Canadian wind power doubles in 2006
If you read carbon-defending columnists Eric Reguly and Richard Blackwell in the Globe & Mail, you might think that the wind power business would be best advised to pull up their towers and move, well, just about anywhere other than Canada. They might be serving the role of Old Economy Beefeaters, protecting the carbon crowd. Or maybe they were just being ironic, but I think we’ve poked some holes in their “arguments” in the past.
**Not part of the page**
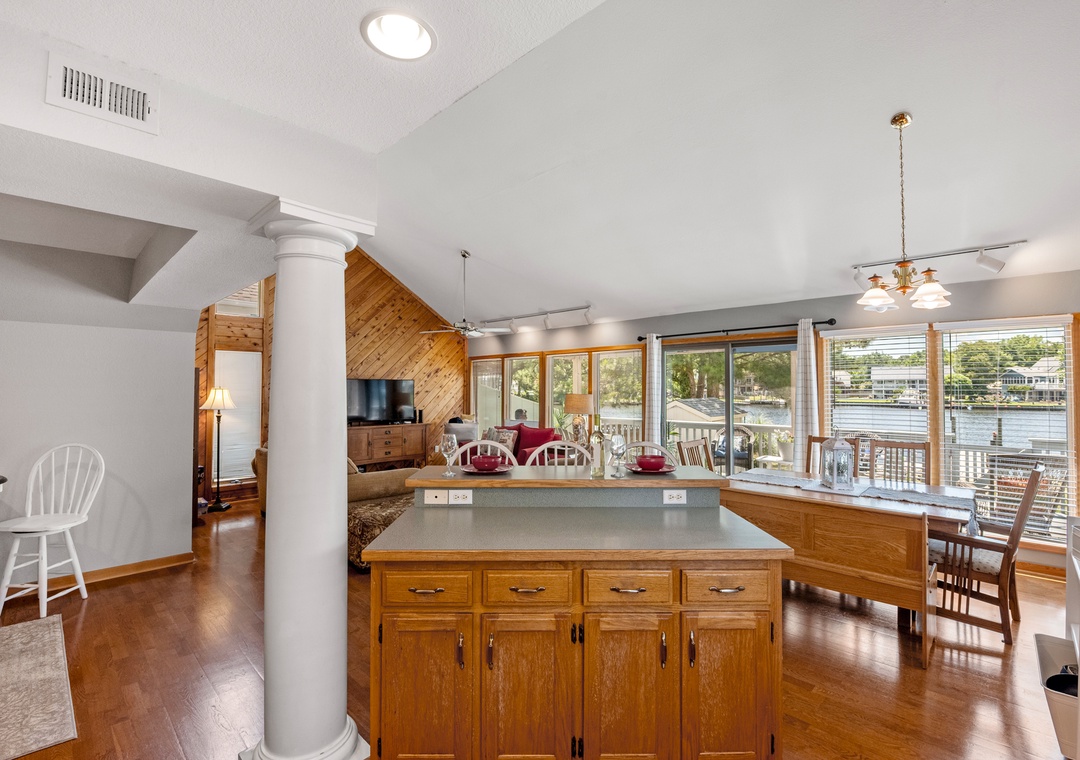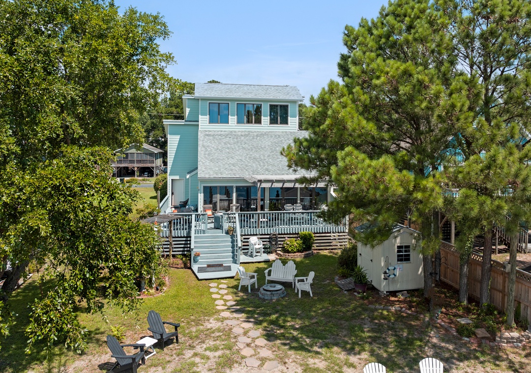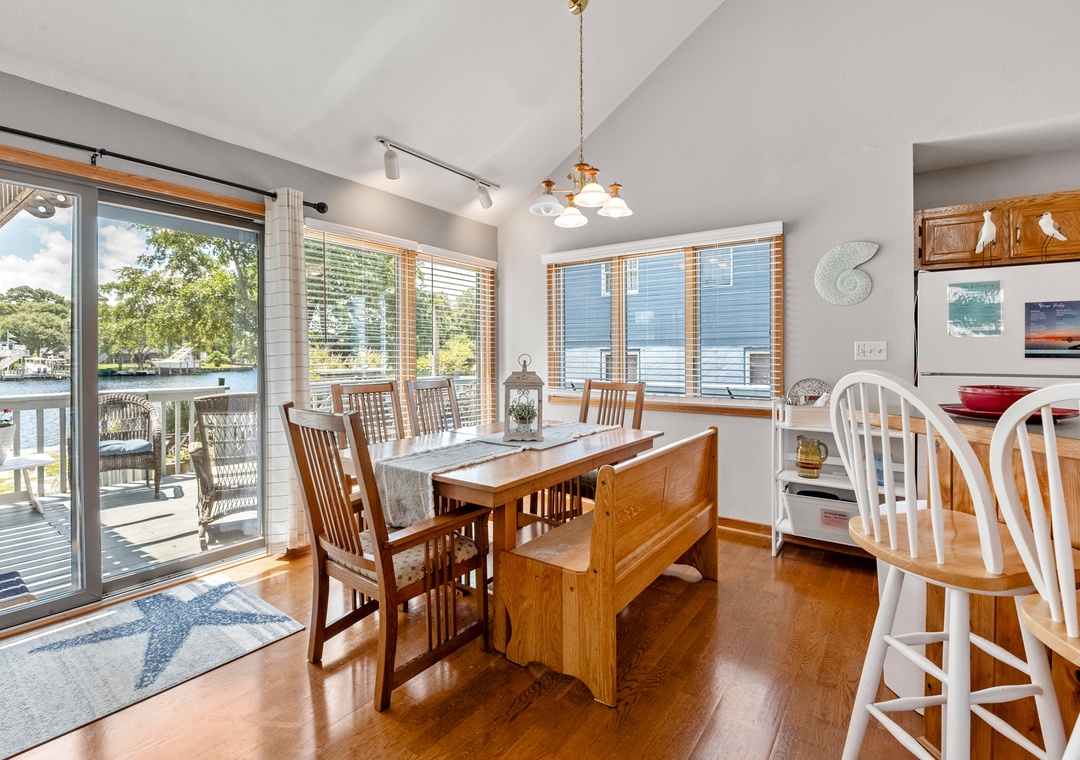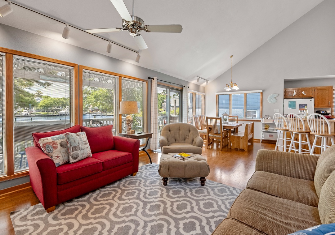 In addition to the private boat dock, the waterfront backyard oasis at Come Sail Away includes a fire pit and plenty of Adirondack seating for spending the evenings with loved ones and admiring the gorgeous sunsets. A spacious deck spans the entire width of the house, creating an expansive outdoor living and dining area that leads directly to the backyard and dock. Inside, the open-concept great room boasts soaring ceilings and a wall of oversized windows and doors for a fabulous canal view and effortless indoor/outdoor flow. Original pine paneling in the living area adds to the coastal appeal, and well-maintained hardwood floors flow throughout the common areas. Get dinner started in the fully stocked kitchen with double wall oven and bar seating for three. Two bedrooms and a full bath are also located on the main level. Upstairs, you'll find two more bedrooms that share a beautifully remodeled full bath. A loft space on the third floor is furnished with a king bed and private half bath.

But, one can never win this argument enough, so here is a release from Emerging Energy Research of Cambridge, MA:
After more than doubling in 2006 to 1,468 MW, Canada’s installed wind power capacity is expected to grow nearly tenfold to 14,100 MW by 2015, according to a new study by Emerging Energy Research (EER) – a leading advisory and consulting firm tracking emerging technologies in global energy markets.
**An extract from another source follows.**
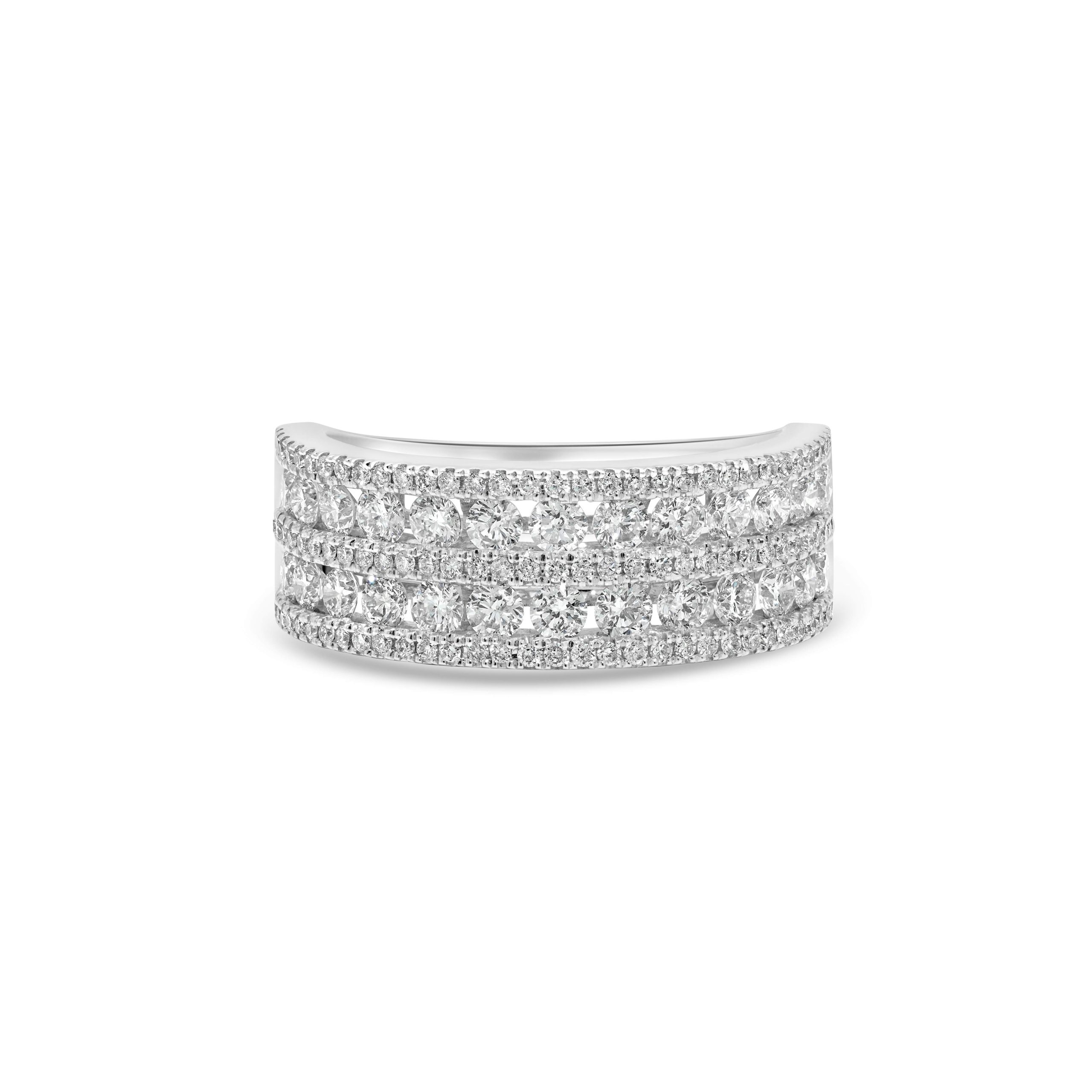 Introducing our 14 Karat White Gold Diamond Cocktail Ring–a true embodiment of modern elegance. This exquisite piece features a total of 1.30cts. of round brilliant cut diamonds, set in a contemporary design that’s as sophisticated as it is stylish. With clean lines and a minimalist aesthetic, this ring is the perfect choice for those who appreciate the fusion of classic beauty with a modern twist. Whether you’re wearing it to elevate your everyday style or as a statement piece for special occasions, this ring’s exquisite craftsmanship and timeless appeal will make it a cherished addition to your collection. Discover the epitome of modern sophistication and make a statement with this stunning diamond cocktail ring.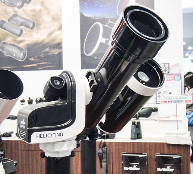 サイトロンジャパンのブースでは、シュミットカセグレンの主焦点位置に補正レンズを配してハイスピードアストロカメラにした「RASA」の口径20cm(8インチ)モデルと、口径34cm(14インチ)モデルが展示されていた。価格未定だが、20cmは「25万円前後」とかなり求めやすい価格になるという。参考出品のSky-Watcher Solar Quest(スカイウォッチャーソーラークエスト)は、NDフィルター内蔵の屈折経緯台だが、電子的ファインダーを使って、自動で太陽を安全に視野内に導入できるようになっている。

“In the past two years the Canadian wind power market has evolved from relative obscurity — an occasional diversion for wind turbine vendors struggling for market share in the US — to become one of the world’s largest and fastest growing wind power markets,” says EER senior analyst Joshua Magee.
“In the past two years the Canadian wind power market has evolved from relative obscurity — an occasional diversion for wind turbine vendors struggling for market share in the US — to become one of the world’s largest and fastest growing wind power markets,” says EER senior analyst Joshua Magee.
With C$18 billion in wind power investment forecasted between 2007 and 2015, Canada is expected to rank among the world’s five or six largest wind power markets over the forecast period, with annual MW development over the coming decade set to average 1,400 MW, according to EER’s study Canada Wind Power Markets and Strategies 2007-2015.
No doubt EER is sympathetic to the wind power sector, but to see the tremendous uptake in just one year is a great sign. Those are just facts, and not spin. And our portfolio company Ventus Energy’s turbines on PEI won’t be turning for a few weeks yet, giving a boost to the 2007 figures. And I just received a global warming panel (panels are an online form of surveying; thousands of Canadians belong to Reid’s panels and from time to time are asked their views on a variety of topics) from Angus Reid’s company Vision Critical (another portfolio company), so one can expect that he has some clients that are keen to get a sense of the nation’s mood on that topic as well, which can only be expected to help the green power investing movement.